But wait, aren’t we talking about the academic discourse that we’ve all agreed students must come to approximate if they are to be successful in college and elsewhere. This is what Bartholomae (1985) has discussed, and that perhaps more students of color have a harder time approximating than their white peers. If we are beyond the old-fashion bigotry and bias, then what we are saying is that there is something wrong with the academic discourse itself, something wrong with judging everyone against an academic discourse that clearly privileges middle class white students. In fact, there’s something wrong with judgment itself in writing classrooms. Is this racism though? Is promoting a local SEAE or a dominant discourse that clearly benefits those who can use it properly, a racist practice?2 When you’re born into a society that has such histories of racism as we have, no matter what you think, what you do personally, you will participate in racist structures if you are a part of larger institutions like education, like the discipline of composition studies, or the teaching of writing in college. This doesn’t make us bad people, but it does mean we must rethink how we assess writing, if we want to address the racism.
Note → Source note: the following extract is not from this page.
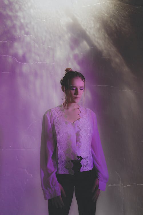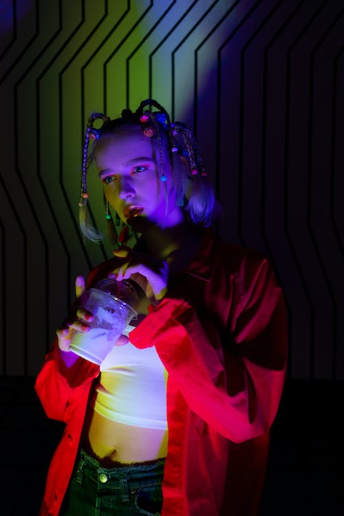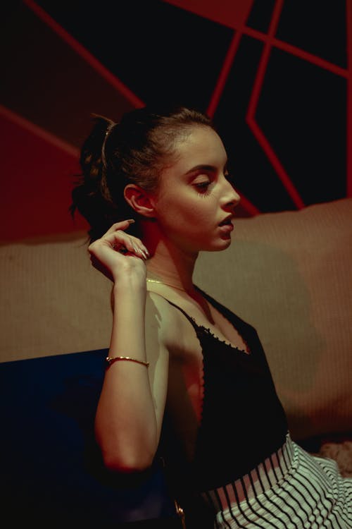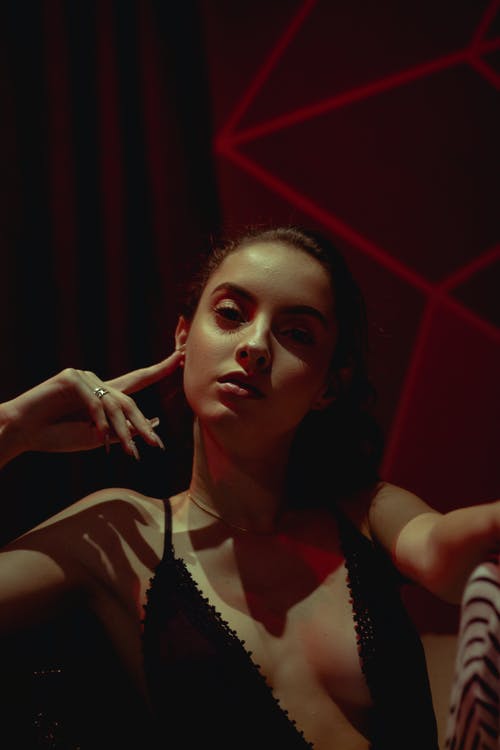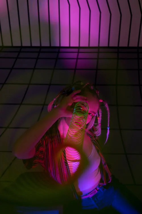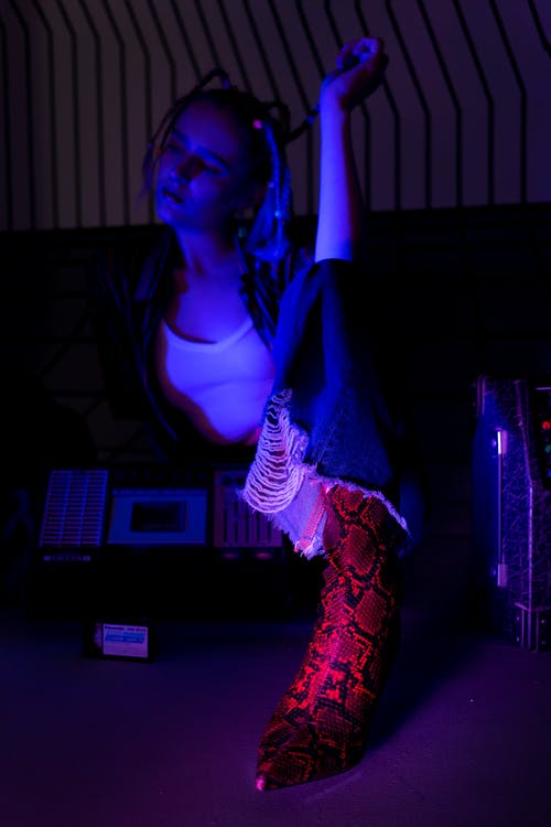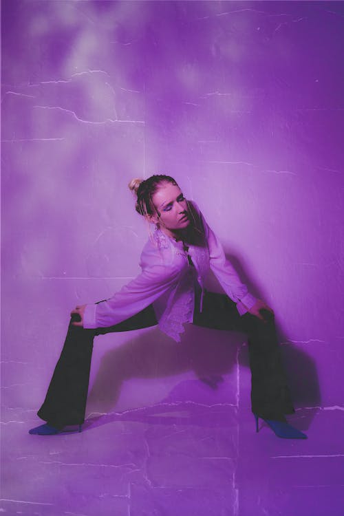 Beautiful dance of Hanna in neon lights with retro effect. Pink lights, pretty women and sensuality.

What should be clear at this beginning point is that racism is still here with us in our classrooms. You don’t have to actively try to be racist for your writing assessments to be racist. As Victor Villanueva (2006) explains in an article about writing centers, we don’t live in a post-racial society. We live in one that has a “new racism,” one that uses different terms to accomplish the same old racial hierarchies and pathways of oppression and opportunity. We cannot eradicate racism in our writing classrooms until we actually address it first in our writing assessments, and our theories about what makes up our writing assessments. Baring a few exceptions, composition studies and writing assessment as fields of study have not focused enough attention on racism in classroom writing assessment. In the following pages, I attempt to make racism a more central concern in thinking about and designing classroom writing assessment.
My Purpose and Scope
This book attempts to theorize and illustrate an antiracist writing assessment theory for the college writing classroom by theorizing writing assessment as an ecology, a complex system made up of several interconnected elements. I ask: how can a conscientious writing teacher understand and engage in her classroom writing assessments as an antiracist project with her locally diverse students? My answer is to see classroom writing assessment as an ecology with explicit features, namely a quality of more than, interconnectedness among everything and everyone in the ecology, and an explicit racial politics that students must engage with. Additionally, this antiracist assessment ecology contains seven elements that can be reflected upon and manipulated. This means that when we design our writing courses, we must think first about how writing assessment will exist and function in the course, how it constructs the ecology that students and teachers work and live in, how it is sustainable and fair. In fact, I assume that all writing pedagogy is driven by the writing assessment ecology of the classroom, no matter what a teacher has done or how she thinks about her pedagogy, no matter what readings are discussed. Classroom writing assessment is more important than pedagogy because it always trumps what you say or what you attempt to do with your students. And students know this. They feel it. Additionally, writing assessment drives learning and the outcomes of a course. What students take from a writing course may not be solely because of the assessments in the course, but assessment always plays a central role, and good assessment, assessment that is healthy, fair, equitable, and sustainable for all students, determines the most important learning around writing and reading in a course.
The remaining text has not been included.